§ INFORMATION SUPPLIED:
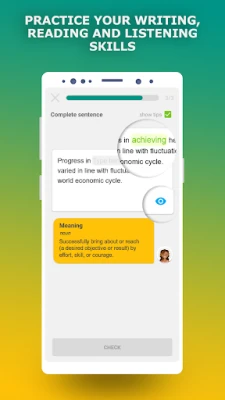 Each English word in this TOEFL vocabulary builder app is pronounced by native American English speakers so you can immediately perceive the speech by ear, which is very important for the TOEFL Listening module. Because of unique learning technique you will keep in mind the correct spelling of English words forever, which will also increase your band in the TOEFL Writing module.
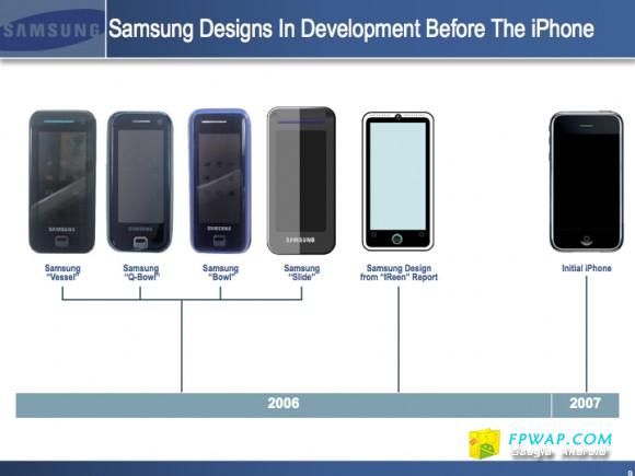 同时 Samsung 更公佈了之前的产品原型智能手机 F700,她们的产品设计显示 Samsung 早在 2006 年之前便??已经开始这方面的研发,所以并不存在抄袭 Apple iPhone 的指控。
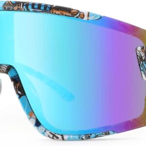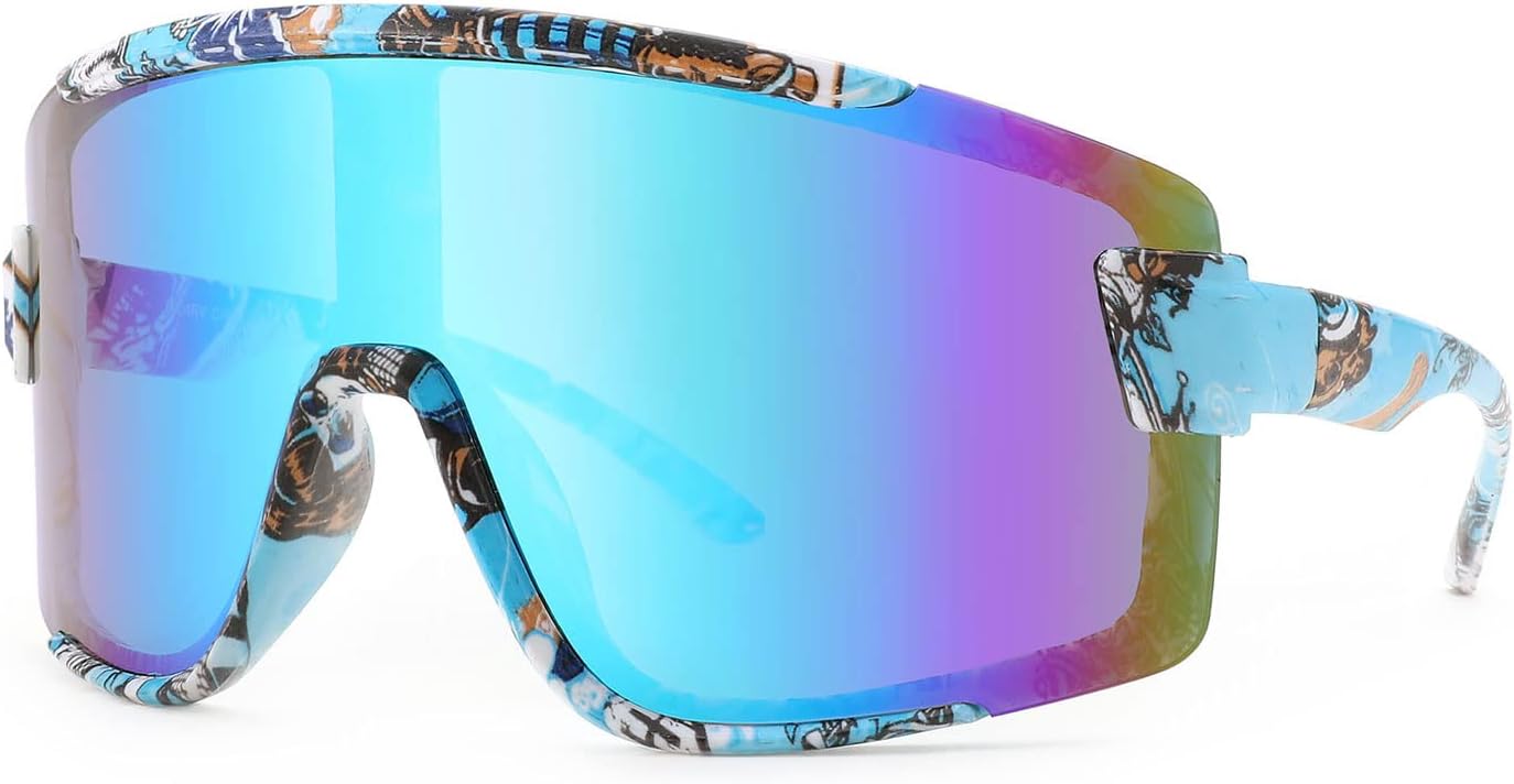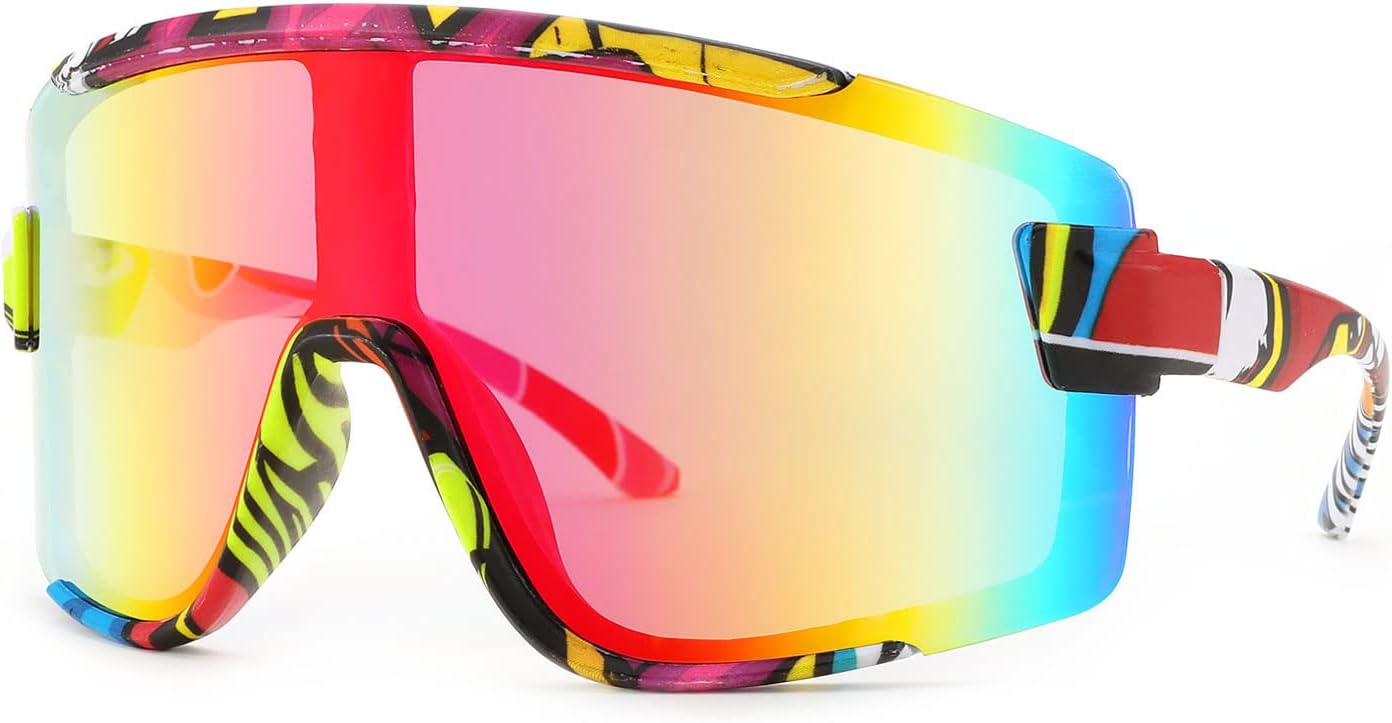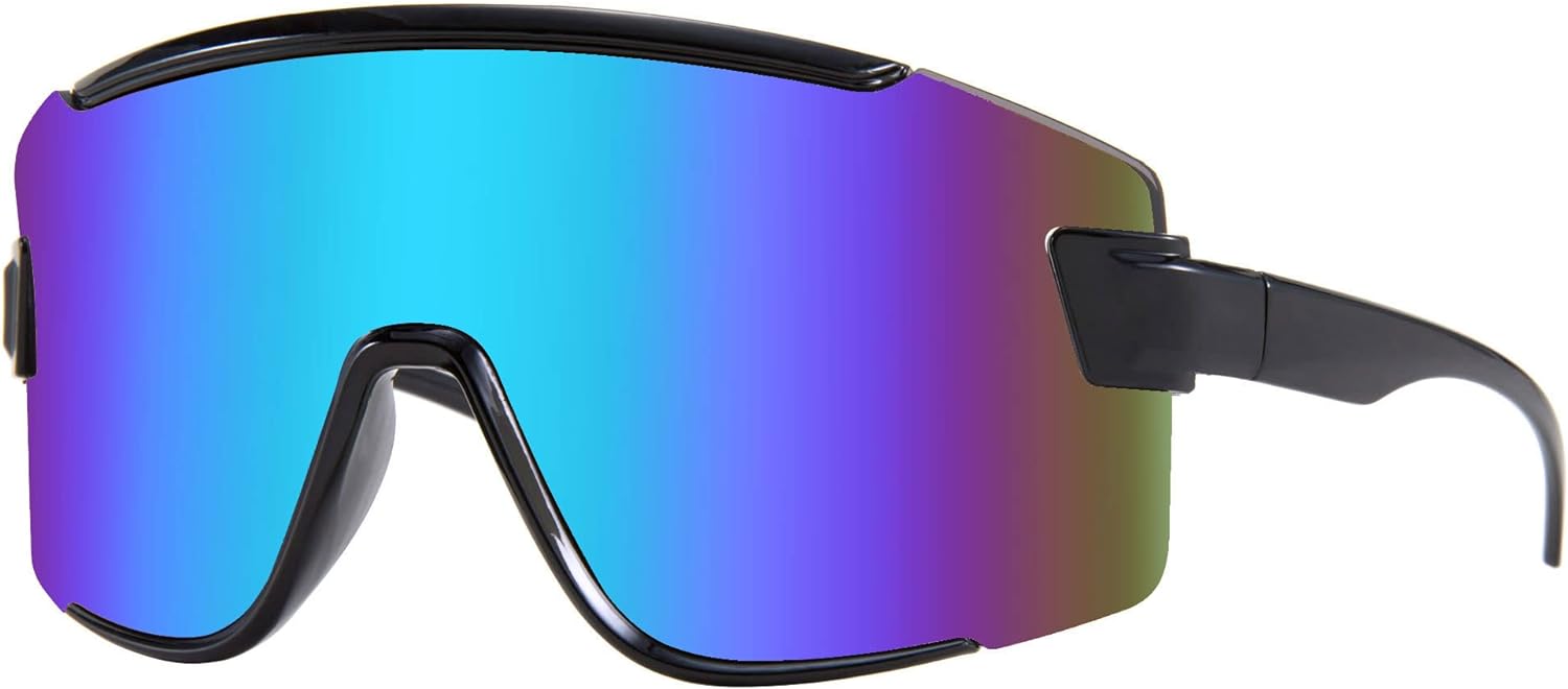 Karsaer Vision Big Shield Wraparound Sunglasses Rave for Men Women Neon Sun Visor Glasses Cycling Ski Shades 80s 90s

§ REQUIREMENT: Print the lines from the line containing "同时 Samsung 更公佈了之前的产品原型智能手机" through the last line of the listing, exactly as they stand, and leave any pictures out.

§ COMPLETED TASK:
 同时 Samsung 更公佈了之前的产品原型智能手机 F700,她们的产品设计显示 Samsung 早在 2006 年之前便??已经开始这方面的研发,所以并不存在抄袭 Apple iPhone 的指控。
 Karsaer Vision Big Shield Wraparound Sunglasses Rave for Men Women Neon Sun Visor Glasses Cycling Ski Shades 80s 90s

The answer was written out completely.